警鐘乱打が聞こえますか?

現在の生産管理・工場管理の問題として「ERPや生産スケジューラが動かない」とIVI理事長の西岡靖之氏は指摘します。この問題をそのままにしてDXは乗り切れるんでしょうか、という疑問が湧いてきます。西岡氏は「日本の強みである“現場力”をスマートシンキングで“つなぐ”」ことで乗り切れる、と期待しているようです。

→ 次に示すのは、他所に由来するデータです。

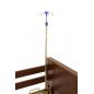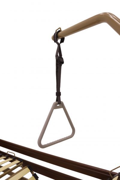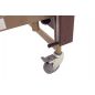 Деревянное ложе, выполненное из высокопрочных выпуклых ламелей, имеет ширину 90 см, а торцевые спинки изготовлены из массива бука с облицовкой ЛДСП. Такой дизайн придаёт кровати эстетичный и современный внешний вид, гармонично вписываясь в интерьер любого лечебного заведения.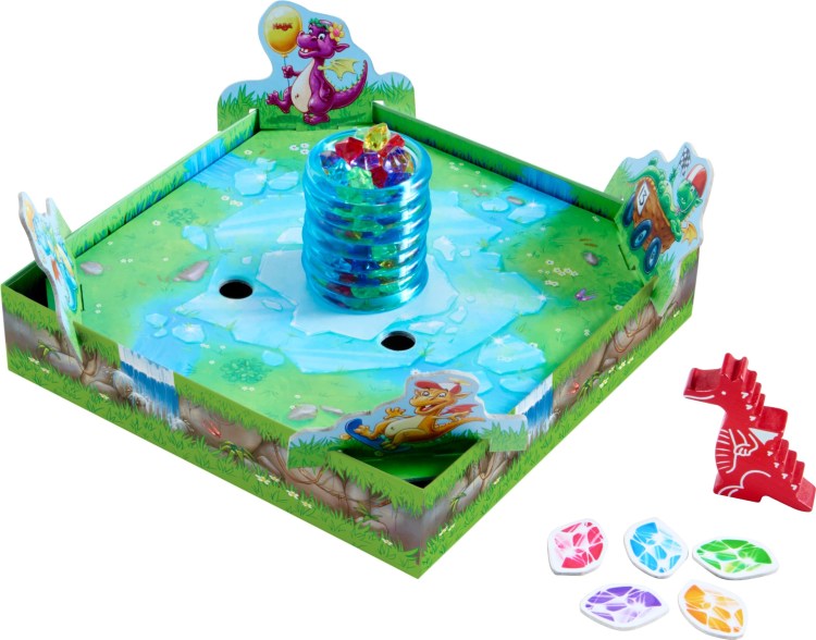 Trésor de glace : chacun votre tour, vous choisissez une couleur de pierre, vous incarnez « Papa Dragon » et crachez la feu sur la montagne de glace. Un peu d’analyse et d’habileté vous feront récolter un maximum de pierres précieuses. Dès 5 ans chez Haba (mais pareil, Léo y joue depuis ses 4 ans, ne vous fiez pas à l’âge recommandé).
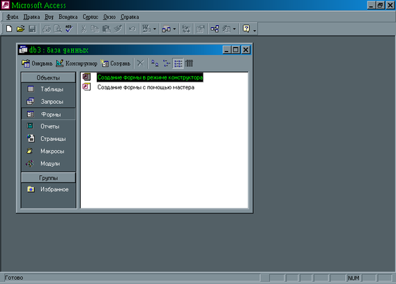 2.В появившемся окне База данных переходим на вкладку Формы, нажимаем на кнопку Создать.
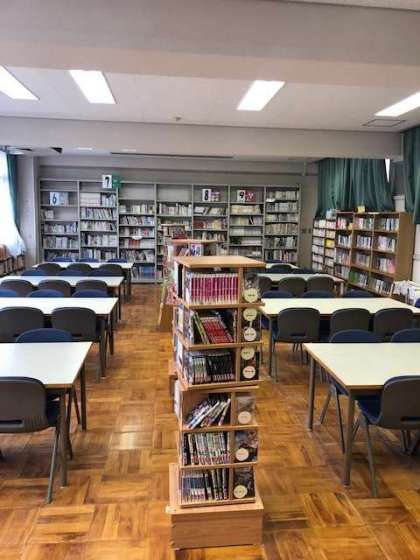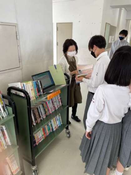 本校の図書館には、約14,000冊の本が置かれています。毎週火曜日には学校司書の方が休み時間を利用し、ブックトラックに本を積んで移動図書館をしてくれています。

IVIが設立されたのが2015年6月。もう6年半が経過します(2022年1月現在)。「スマートシンキングで進める工場変革」の巻末にある資料をみますと、2015年~2020年の業務シナリオ実証テーマは合計120件。その成果についての説明はありませんが、西岡氏の説明(2022年1月10日のメール)では、

ERPや生産スケジューラが動かないという問題は、複合的でありそれぞれの状況に応じていろいろな課題があるとおもいますので、そう簡単に解決できるとはおもっていませんが、スマートシンキングの手法がそのひとつの助けになればとおもいます。いずれにしてもこれからの取り組みですので、まだこれといった成果があるというわけではありません

6年以上経過しても「これといった成果はなし」。

テーマをみれば、各企業が抱える個別テーマが多く、「日本の強みである“現場力”をスマートシンキングで“つなぐ”」ことに関連したテーマはちらほら。「ERPやスケジューラが動かない」という問題にチャレンジするテーマは見当りません。成果が出るわけはありません。

成果らしきことといえば、先月(2021年12月)西岡氏が出版した書(「スマートシンキングで進める工場変革」)ぐらいかな。中身のポイントは3つぐらいあって、
・「ERPやスケジューラが動かない」という問題、
・スマートシンキングで“つなぐ”という手法、
・120件の具体的テーマ。

これらの間に“つながり”がほとんどみあたらない。チグハグというか、バラバラというか、まとまりのない感じがします。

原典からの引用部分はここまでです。